■ Task to complete
Please retype the records below exactly as they appear, but leave out the pictures.

::: Given entries

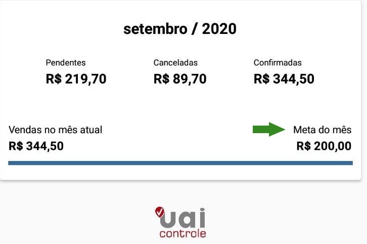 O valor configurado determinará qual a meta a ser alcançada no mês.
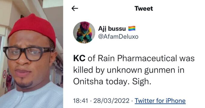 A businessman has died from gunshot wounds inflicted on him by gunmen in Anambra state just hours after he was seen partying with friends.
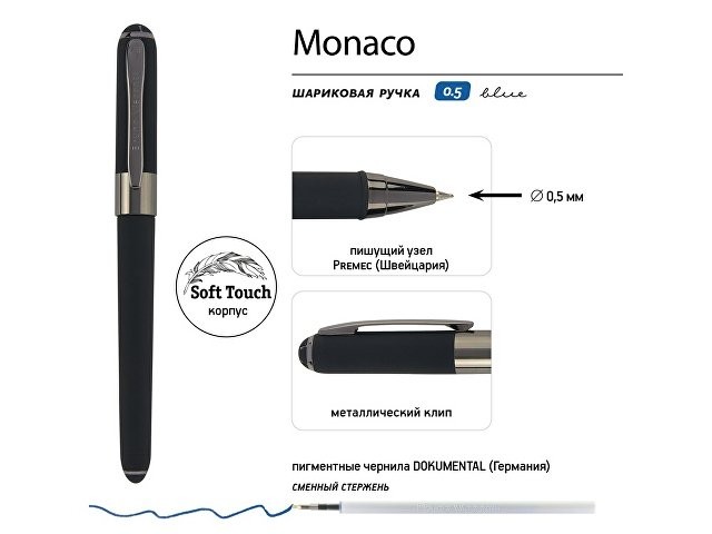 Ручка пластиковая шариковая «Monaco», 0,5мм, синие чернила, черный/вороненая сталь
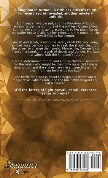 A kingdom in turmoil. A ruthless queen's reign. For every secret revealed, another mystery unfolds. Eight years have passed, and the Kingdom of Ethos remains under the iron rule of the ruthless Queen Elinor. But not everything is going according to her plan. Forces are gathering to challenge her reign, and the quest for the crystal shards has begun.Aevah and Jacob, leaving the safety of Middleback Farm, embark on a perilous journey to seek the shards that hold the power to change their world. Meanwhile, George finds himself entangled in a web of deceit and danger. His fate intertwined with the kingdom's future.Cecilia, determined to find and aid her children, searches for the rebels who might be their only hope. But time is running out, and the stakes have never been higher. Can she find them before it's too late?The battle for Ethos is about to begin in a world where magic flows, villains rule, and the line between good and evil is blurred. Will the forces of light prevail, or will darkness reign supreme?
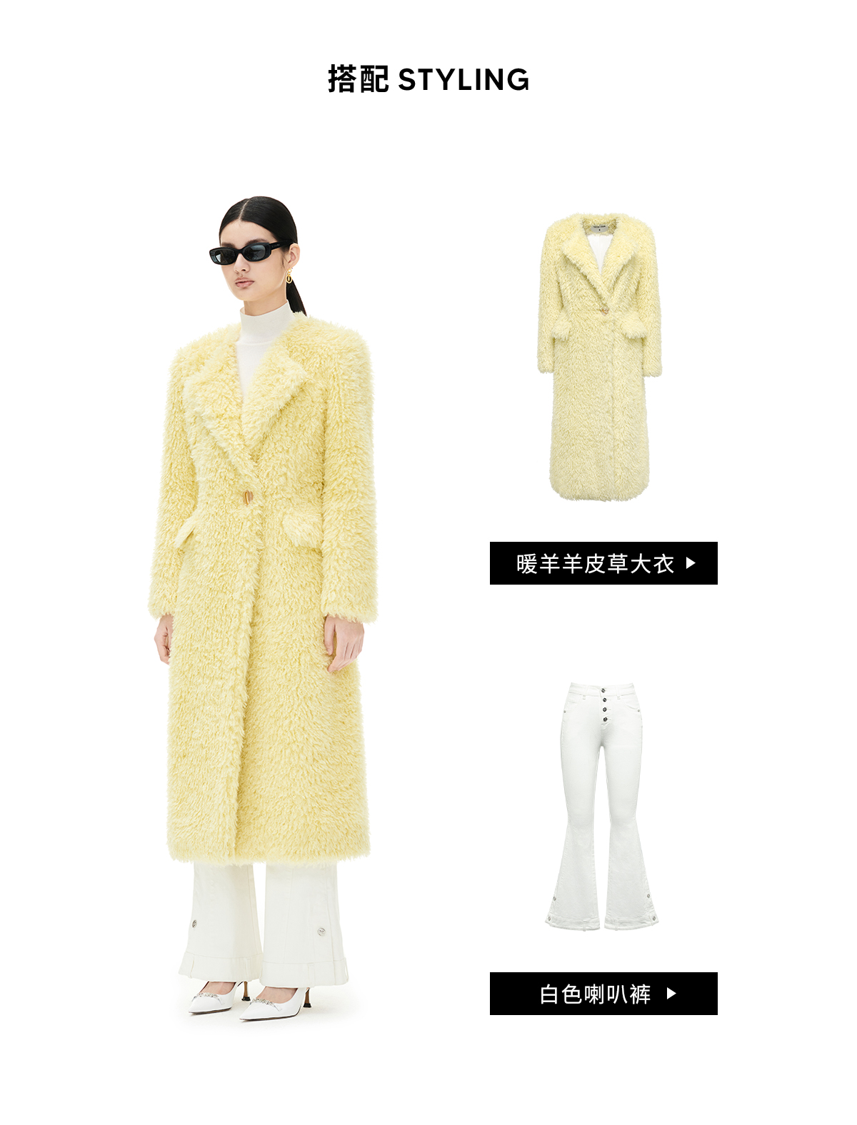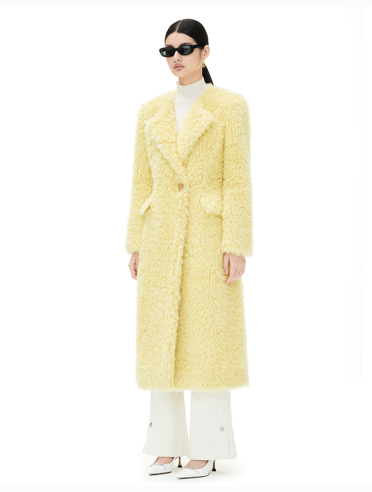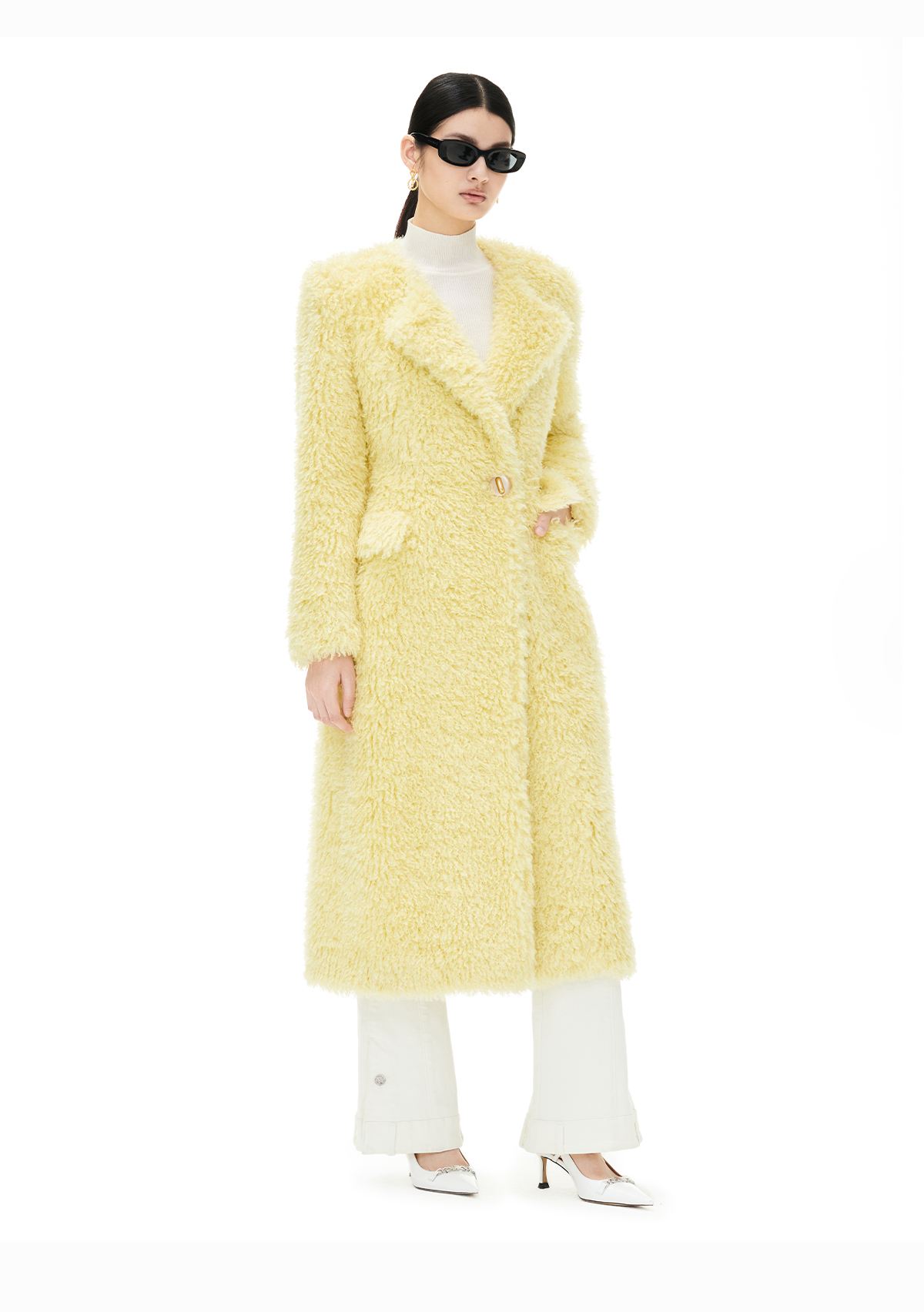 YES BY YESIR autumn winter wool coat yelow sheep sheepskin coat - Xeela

::::::

■ Written response
 O valor configurado determinará qual a meta a ser alcançada no mês.
 A businessman has died from gunshot wounds inflicted on him by gunmen in Anambra state just hours after he was seen partying with friends.
 Ручка пластиковая шариковая «Monaco», 0,5мм, синие чернила, черный/вороненая сталь
 A kingdom in turmoil. A ruthless queen's reign. For every secret revealed, another mystery unfolds. Eight years have passed, and the Kingdom of Ethos remains under the iron rule of the ruthless Queen Elinor. But not everything is going according to her plan. Forces are gathering to challenge her reign, and the quest for the crystal shards has begun.Aevah and Jacob, leaving the safety of Middleback Farm, embark on a perilous journey to seek the shards that hold the power to change their world. Meanwhile, George finds himself entangled in a web of deceit and danger. His fate intertwined with the kingdom's future.Cecilia, determined to find and aid her children, searches for the rebels who might be their only hope. But time is running out, and the stakes have never been higher. Can she find them before it's too late?The battle for Ethos is about to begin in a world where magic flows, villains rule, and the line between good and evil is blurred. Will the forces of light prevail, or will darkness reign supreme?
 YES BY YESIR autumn winter wool coat yelow sheep sheepskin coat - Xeela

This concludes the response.